Eleocharis parvula isnt a bad choice other than its a mulm magnet  ....

Dwarf Sag. grows well in a wide range of conditions (much better for me than E. Tenellus) 

Good Luck!
-Justin
One Mynds Eye


----------



## AaronT (Apr 26, 2004)

It should be easy to find HC in Canada so long as you live near a shop that carries Tropica plants.


----------



## qpixo (Sep 9, 2006)

AaronT: 
I've tried to order last time HC at my LFS but they only got Hemianthus Micranthoides which I only brought at home. I asked them once again to order HC. Hopefully this time I'll get it. If I still can't, I think dwarf hairgrass will be my second choice. I'm just wonderring It's that possible to trim that kind of plant?

On the other hand, does HC would react well for my kinda of light and setup??

btw, my CO2 is usually around 23ppm. Most of my plants pearl really well around this amount of co2. Anubias pearl like crazy though...


----------



## AaronT (Apr 26, 2004)

Both HC and hairgrass can be mowed down with scissors and will grow back without having to uproot them and replant them.

The HC should do fine in a medium light setup.
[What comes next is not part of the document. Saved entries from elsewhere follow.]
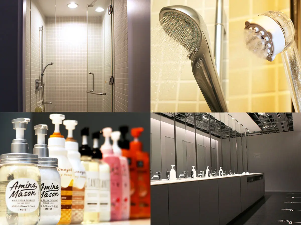 シャワールームは完全な個室になっており、シャワーヘッドは「ミラブル」「リファ ファイン バブルU」を導入しておりますので、リラックスできるシャワータイムをお過ごしいただけます。宿泊・デイユースでのご利用のお客様はもちろん、シャワーのみワンコイン(500円)でご利用いただけます。女性シャワーブースには、女性の口コミや人気のあるシャンプー、トリートメントを6種類ご用意。男性用にもお肌に優しい化粧水もご用意してますので、是非お気軽にご利用ください。
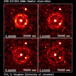 | Keywords: GRB 031203 4panel.gif en The European Space Agency's X-ray observatory XMM-Newton has imaged a spectacular set of rings which appear to expand with a speed a thousand times faster than that of light around the point in the sky where a powerful gamma-ray explosion took place in early December This is the first time that such a fascinating event called an `echo' is seen in X-ray wavelengths This echo forms when the powerful radiation of a gamma-ray burst coming from far away crosses a slab of dust in our Galaxy and scattered by it like the beam of a lighthouse in clouds Using the expanding rings to precisely pin-point the location of this dust astronomers can identify places where new stars and planets are likely to form Credit Simon Vaughan University of Leicester ESA ESA and PPARC url http //www star le ac uk/~sav2/grb031203/ Simon Vaughan 2003-03-12 I sent an email to Simon Vaughan He responded that The images on this page http //www star le ac uk/~sav2/grb031203/ are all public domain On 2003 December 03 Wednesday at 22 01 GMT the Integral satellite recorded a burst of gamma-rays in its IBIS detector from the Imager on Board the Integral Satellite The burst lasted for about 30 seconds and then faded An automatic detection system IBAS - Integral Burst Alert System sent out a message over the internet less than 1 5 hours later Then about 6 hours and 10 minutes after the burst at 04 10 GMT on 2003 December 04 the orbiting X-ray observatory XMM-Newton started observing in this direction and saw in X-rays the fading afterglow of the gamma-ray burst The XMM-Newton observation lasted for just longer than 16 hours Cc-zero X-ray astronomy Gamma ray bursts XMM-Newton |
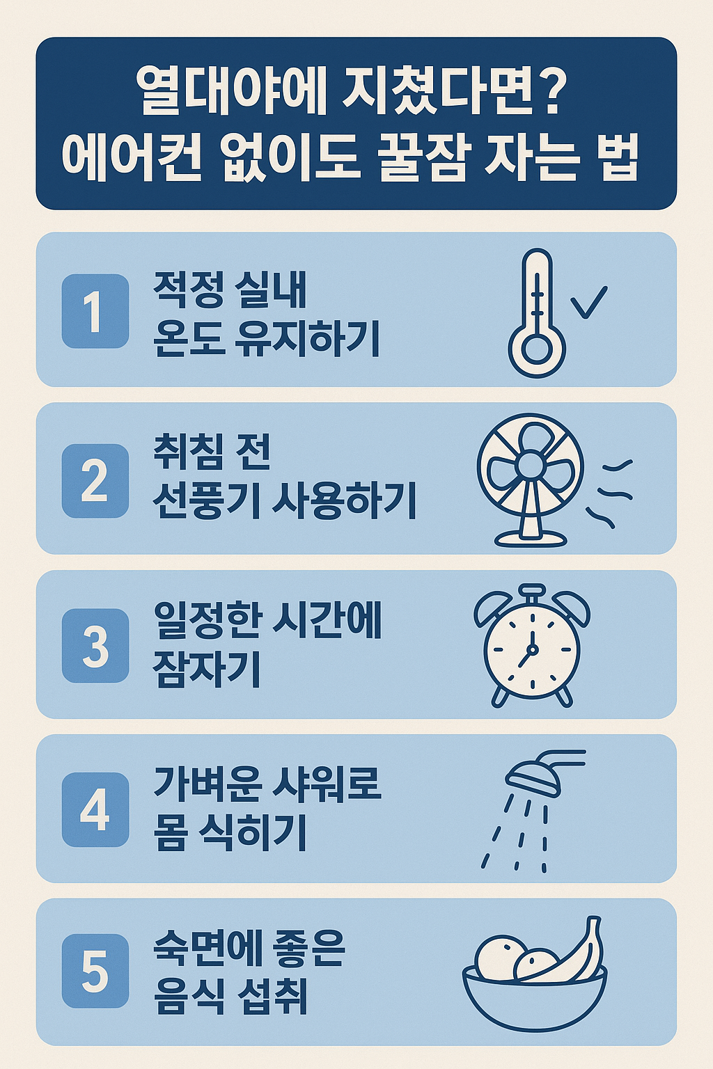 #열대야 #여름꿀잠 #냉방병예방 #에어컨없이자는법 #수면루틴 #여름건강관리 #숙면음식 #수면습관 #건강한밤
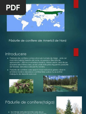 vizitati articolul complet aici : https://ro.scribd.com/presentation/369124129/Padurile-de-Conifere De la wikipedia, enciclopedia liberă. Pădure de conifere din zona temperată. Solul padurilor de sub conifere tinde sa fie acid, pentru ca aici se aduna acele rasinoase si lipseste descompunerea si reciclarea substantelor nutritive, caracteristica padurilor mai deschise de foioase.exista o gama speciala de plante care se ivesc.
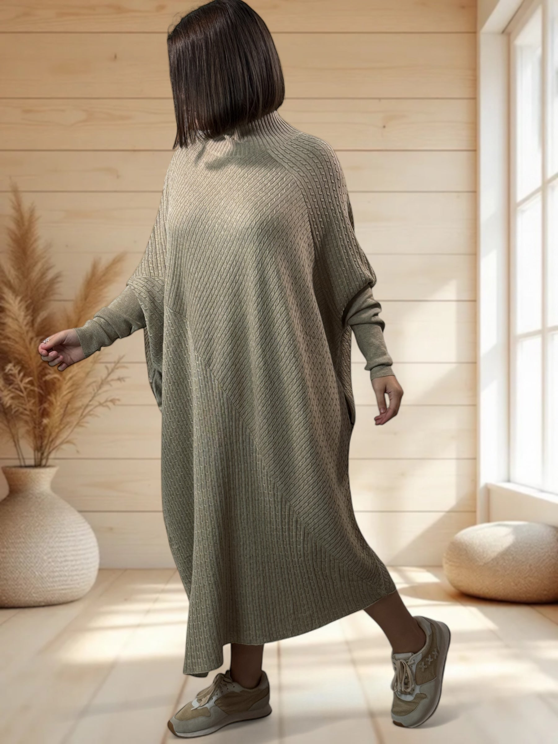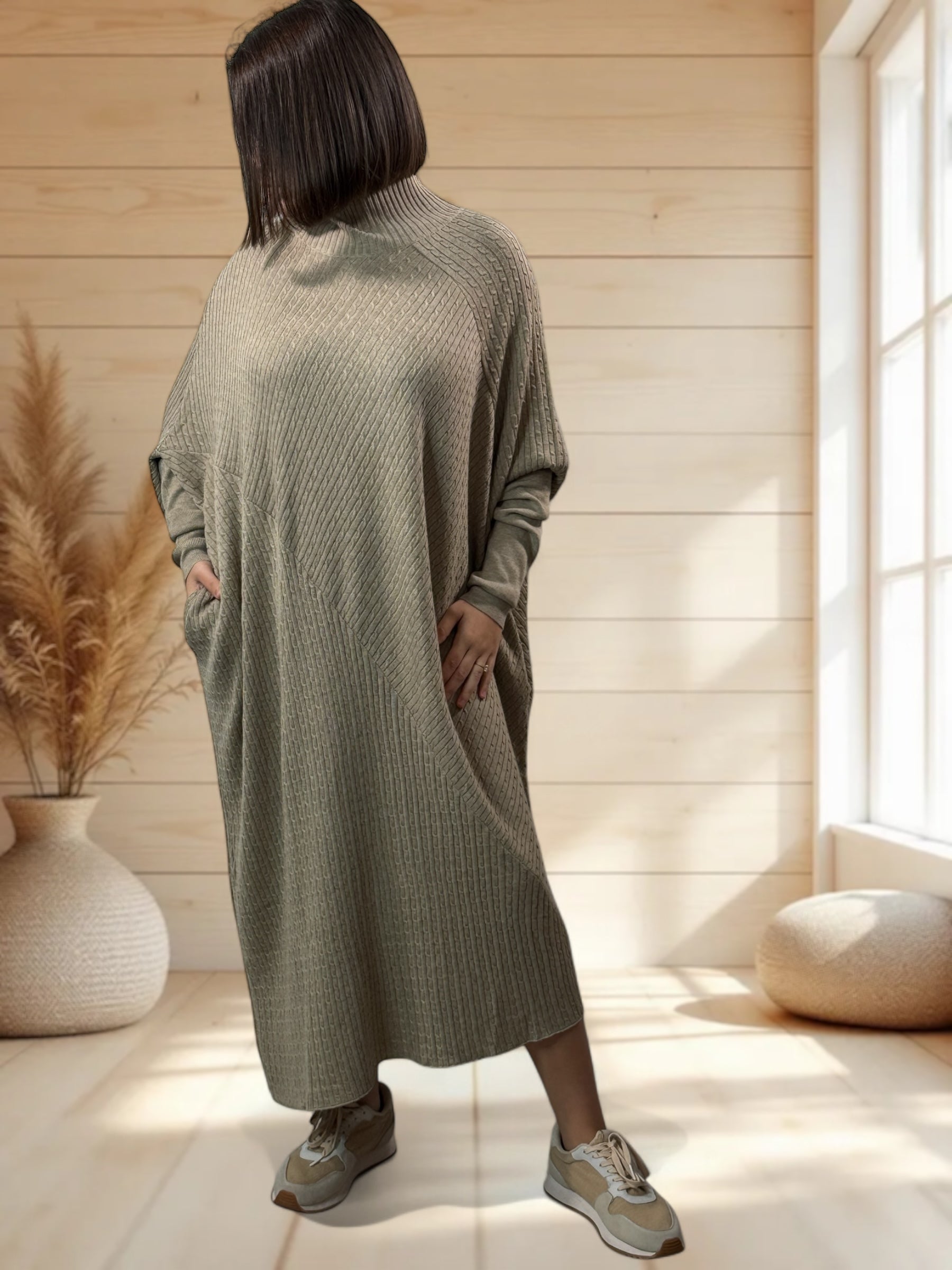 BETTINA - ROBE BEIGE OVERSIZE EN MAILLE JUSQU'A LA TAILLE 56
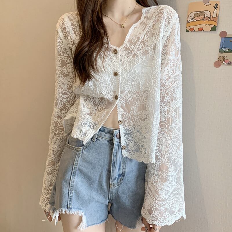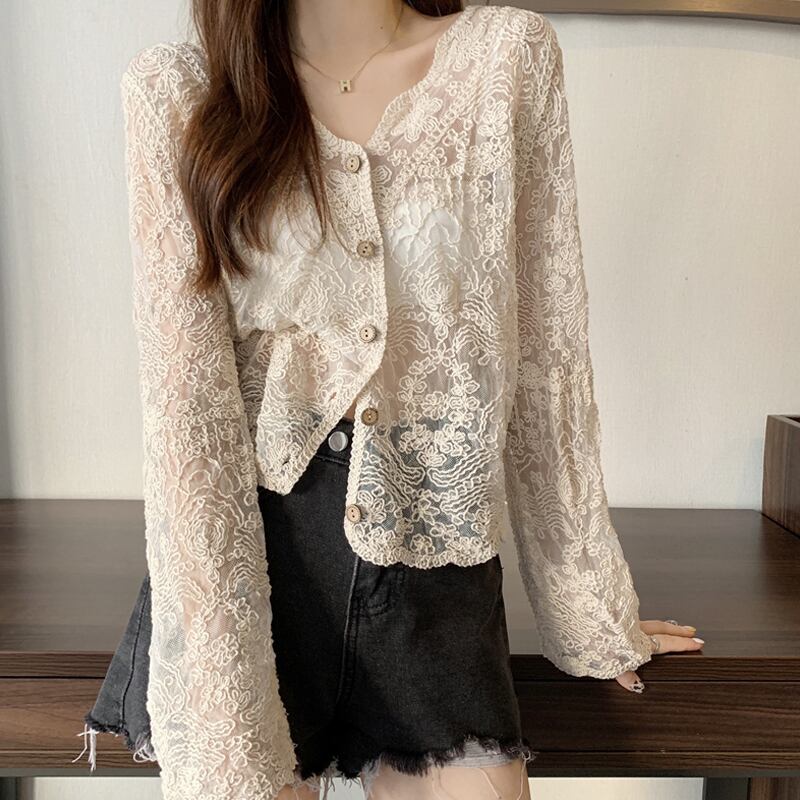 薄手夏服シャツ レースショールジャケット スタイルショートトップス ロング 夏物 長袖 SYJ50763071362
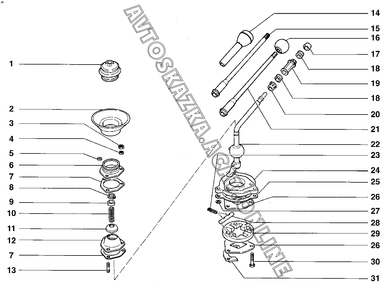 Привод механизма переключения передач (5) ВАЗ 2104 (21040, 21043, 21044, 21045, 21046, 21047)
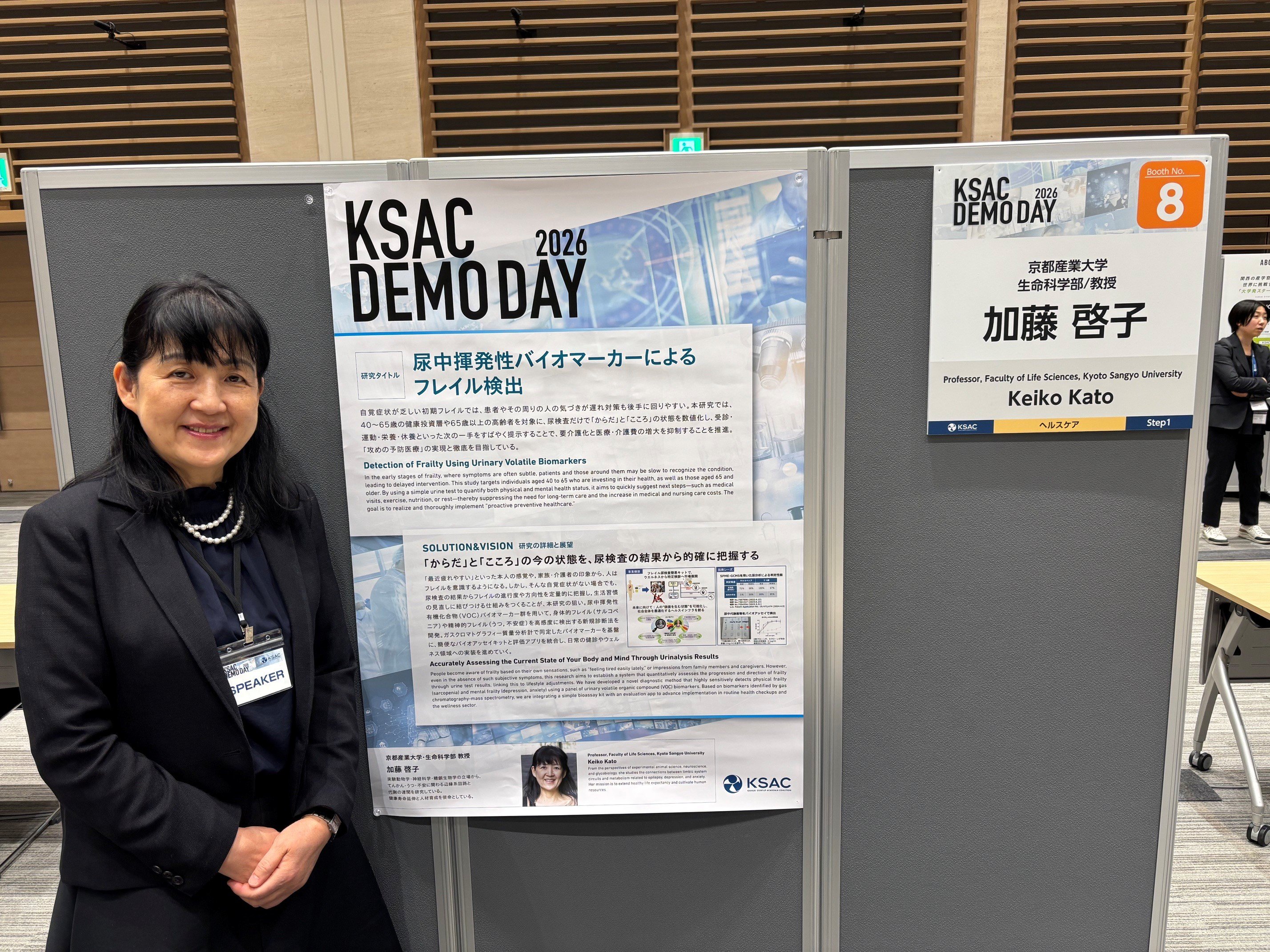 2026年4月14日、コングレコンベンションセンター(グランフロント大阪北館地下2階)にて、関西圏の大学発スタートアップの祭典「KSAC DEMODAY 2026」が開催されました。本イベントにおいて、生命科学部の加藤 啓子教授が、「第2回 KSAC-GAPファンド」の採択研究者として、ピッチセッションおよびポスター発表を行いました。
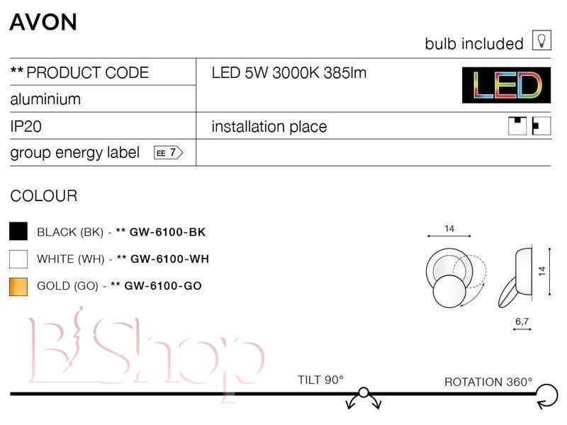 Кількість ламп: 1. Тип цоколя: LED. Висота (див): 14. Глибина (див): 6.7. Потужність лампи (Вт): 5.
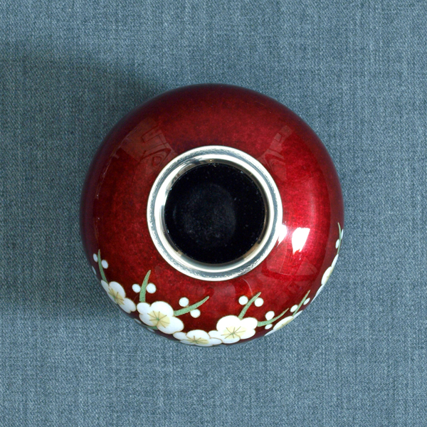 大変優雅な作品で、伝統のモチーフを伝統の赤色透明釉(赤透け)と熟練の彩色技術で作り上げた逸品で、尾張七宝を代表する作品の一つです。

I hope your LFS can get some for you.


----------



## qpixo (Sep 9, 2006)

onemyndseye:
What happened with tenellus?
I guess I'm not the only one who actually dislike tenellus. actually what makes me think of this plant is : :axe:


----------



## qpixo (Sep 9, 2006)

AaronT:

ooh sweeEEeTt!! eace: 
I'm wonderring if HC can form a dense lawn for my kind of setup???

What kind of tank do u have? any pics of it?


----------



## AaronT (Apr 26, 2004)

I have about 10 different tanks. I have a journal going here about a soil tank I setup recently.

I think the HC should form a nice mat for you.


----------



## qpixo (Sep 9, 2006)

10 different tanks? WoW! that's a lot of maintain though
what's url of u journal?

I only have 2 tanks for now on but I might get another one sooner or later.


----------



## AaronT (Apr 26, 2004)

Look in this same forum "El Natural" and you'll find a thread called El Natural w/ a Twist.


----------



## onemyndseye (May 12, 2006)

Well....My E. tenellus was planted in a Soil/Onyx sand subtrate and did VERY VERY well at first.. but it seemed as the sand got more compacted it started choking out the Tennelus to the point that I just removed it.

Good Luck,
-Justin
One Mynds Eye


----------



## qpixo (Sep 9, 2006)

onemyndseye:
I just don't like the way they turn to red, mine didn't get well. 
do u get nice dense carpet though?


----------



## onemyndseye (May 12, 2006)

on yeah... it spread very quickly at first producing long "chains" (runners) of plantlets. 1/2 my 30 was carpeted with it...the other dwarf sag.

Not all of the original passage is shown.